TNPC: Transformer-based network for point cloud classification

Point cloud classification has emerged as a vital research area in several emerging applications, including robotics and autonomous driving. However, discriminative feature learning has long been a challenging issue owing to the irregularity and disorder of point clouds. Recently, although Transformer-based methods can achieve high accuracy in point cloud learning, plenty of Transformer layers bring huge computation and memory consumption. This paper presents a novel hierarchical local–global framework based on Transformer network for point clouds, named TNPC. TNPC contains two serial Stages implementing downsampling operation, and each Stage is composed of a local feature extracting (LFE) block and a global feature extracting (GFE) block, which can reduce computation and memory consumption obviously. LFE block consists of two parallel branches, namely Transformer branch and shared multilayer perceptron (SMLP) branch, which are designed to learn relevant feature of any two points and local high-dimensional semantic features of each point between sampling centroid and its neighborhoods, respectively.

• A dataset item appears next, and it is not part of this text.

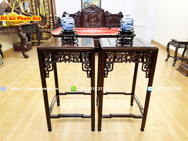 Thiết kế mặt đôn rộng vừa phải, khung gỗ gụ chắc khỏe cùng hệ giằng ngang kiên cố mang lại tính tiện ích cao, phù hợp sử dụng trong phòng khách, phòng thờ, phòng trà hay sảnh đón tiếp.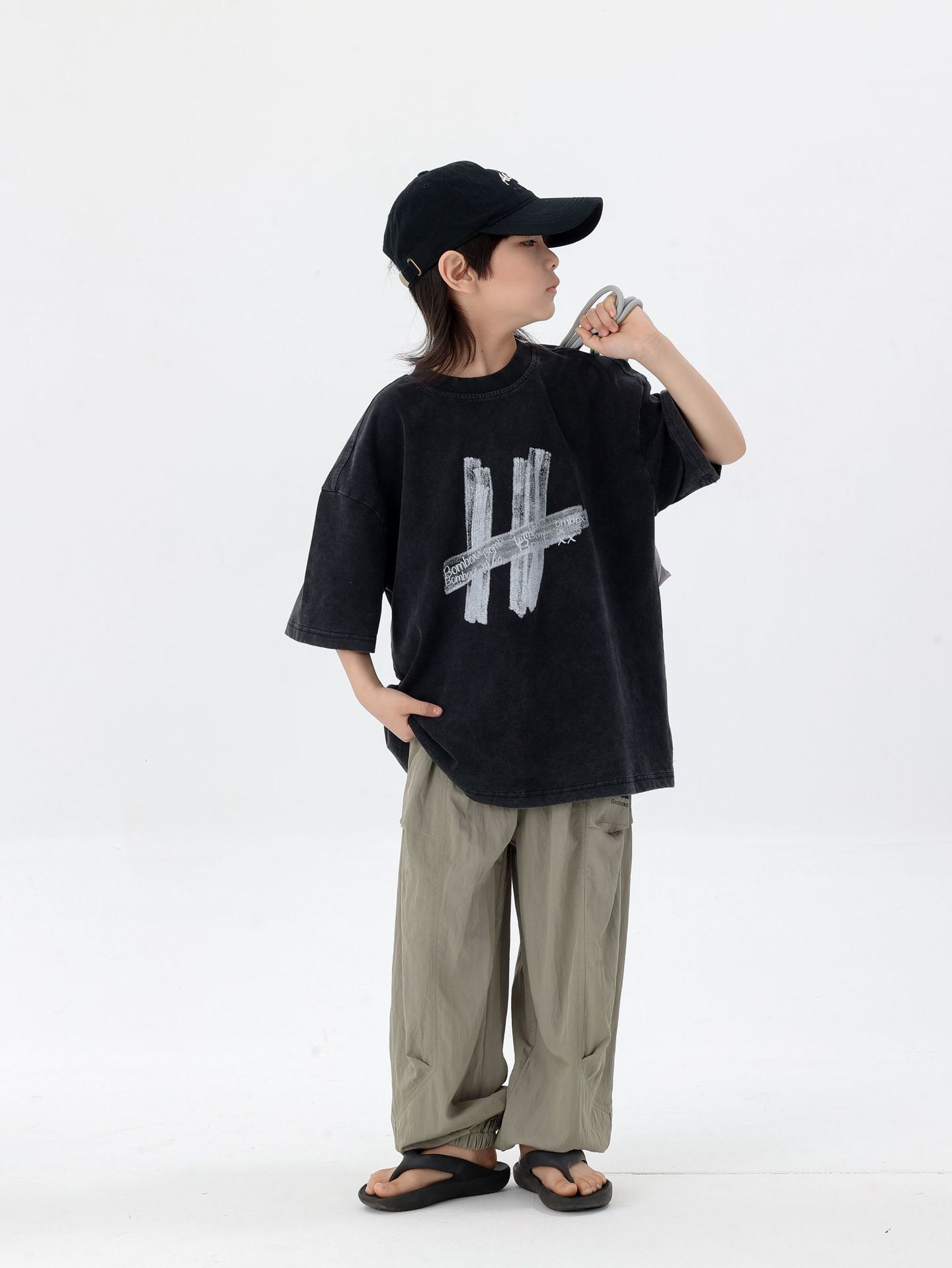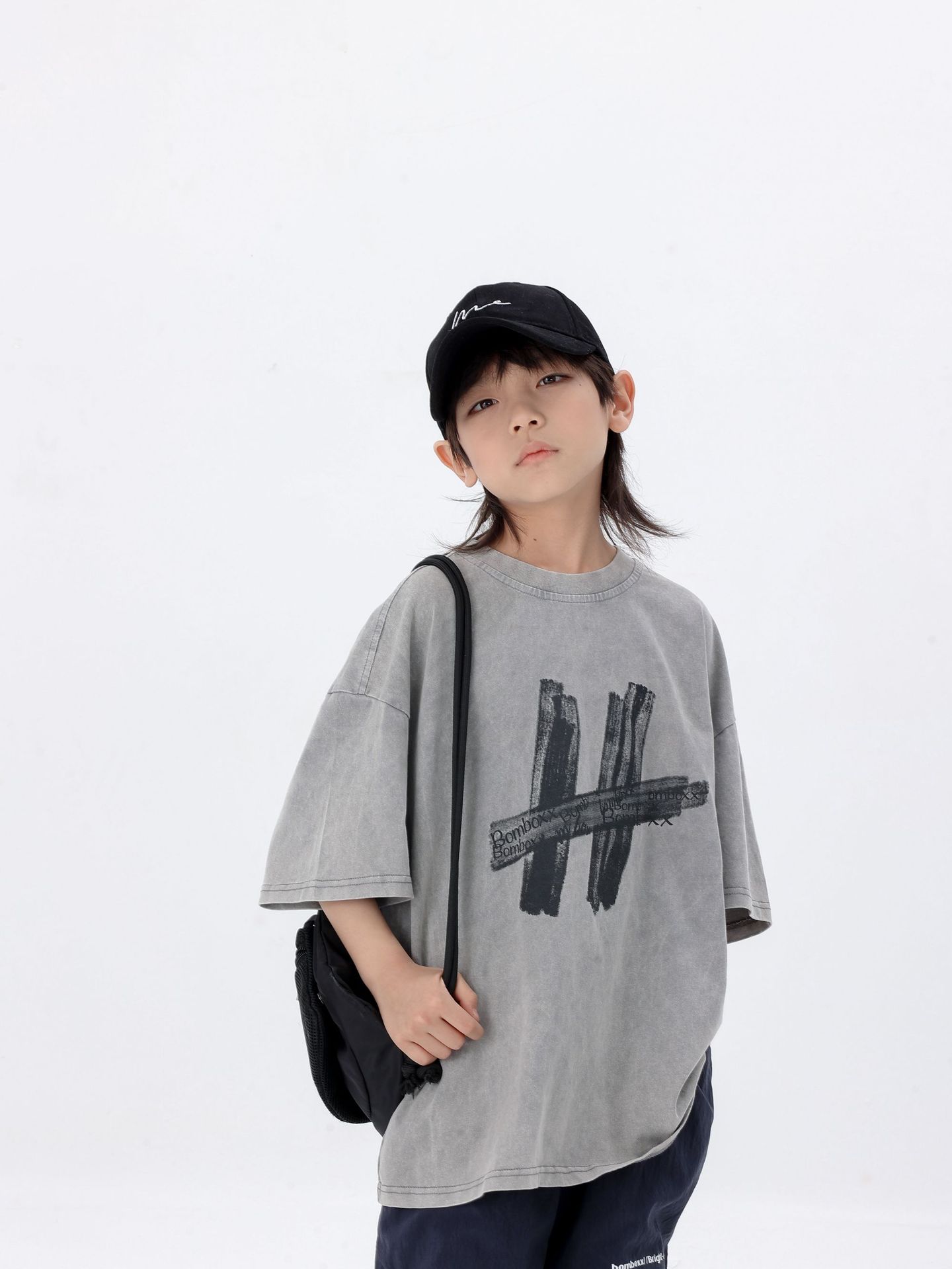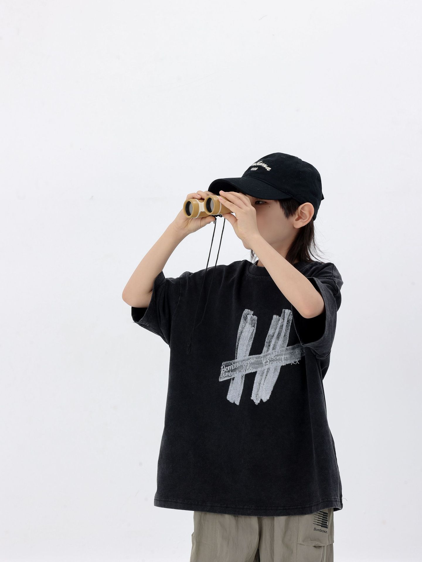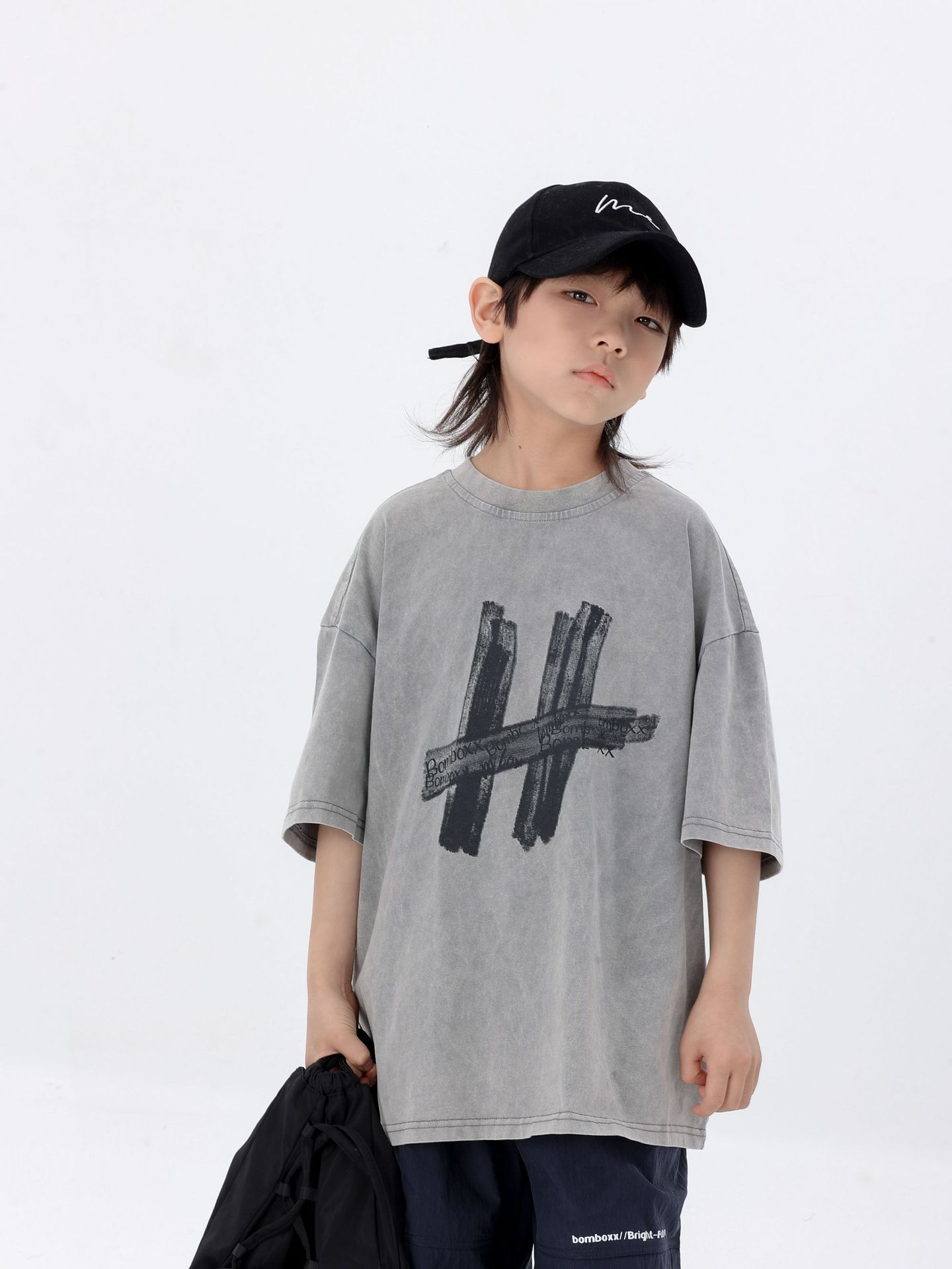 반품, 교환 불가 25 여름 신상품 샌드워싱 코튼 H 프린트 트렌디하고 멋진 아동 티셔츠, 멋스러운 빈티지 스타일 아동 반팔 티셔츠

The proposed two parallel branches not only improve the feature extraction effect, but also reduce the computation and memory consumption. GFE block consists of a center point contact (CPC) module and a global point cloud transformer layer (PCTL) module, which can improve the effect of global features extracting without adding the number of parameters and computation. The performance of our method is validated experimentally on ModelNet40 and ScanObjectNN datasets. Our method improves the mAcc accuracy to 91.6% and 79.8% on the ModelNet40 dataset and ScanObjectNN dataset, respectively. In terms of efficiency, our method leads to a significant reduction, with only 4.73MB parameters and only 1.91GB FLOPs. Experimental results demonstrate that the proposed method achieves state-of-the-art performance on classification accuracy and efficiency.